Of the over 74 million homes that are owned, 88.8 percent or 66 million are owned by someone born in the U.S.. Meanwhile, 8.3 million or 11.2 percent are owned by someone born abroad. Among these naturalized citizens owned 7.8 percent of homes, while non-citizens owned 3.4 percent.
Only 10 metros account for over 50 percent of the country's foreign-born households. Among these, New York and Los Angeles had over 1 million foreign-born households. On a state level, the largest number with foreign born households were California at 4 million, New York at 1.8 million, and Texas at 1.7 million, and Florida at 1.5 million.
3 comments:
This means we are winning.
Excuse me but owned and rented are not on the same page. Anyone with a job can rent but it takes farther more responsibility to own. Look at any area of Salisbury. Neighborhoods that used to have had home ownership that is mostly rental houses now are going downhill.

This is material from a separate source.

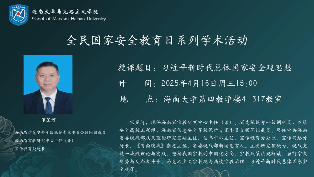 2025年4月16日下午,永利集团88304官网邀请海南省信息安全等级保护专家委员会顾问组成员宋星河,以“习近平新时代总体国家安全观思想”为主题,从历史文化、风险挑战与实践路径三个维度为学生开展讲座。
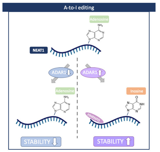 Nuclear-Enriched Abundant Transcript 1 (NEAT1) is a well-studied lncRNA that plays an essential role in cellular stress responses [70]. This lncRNA is frequently overexpressed in cancers, and its higher expression has been shown to correlate with decreased rates of survival in patients [71,72]. In addition, a recent study reported an increased level of NEAT1 in atherosclerotic cardiovascular disease [73]. Interestingly, in this case, NEAT stability was controlled by ADAR1 in an RNA-editing-dependent manner. Mechanistically, ADAR1 facilitated the binding of Heterogeneous Nuclear Ribonucleoprotein D (HNRNPD), which is required for NEAT1 stability (Figure 5) [73].

I agree 1:45 and quite alot of the ramshacked huts ought to be torn down or atleast forced to comply with zoning codes or face heavy fines swiftly and that money set in a fund for homeowners who are truly struggling to make exterior repairs. And I mean owner occupied homes and not the slumlords who would be salivating at the thought and attempt to take advantage of such a fund.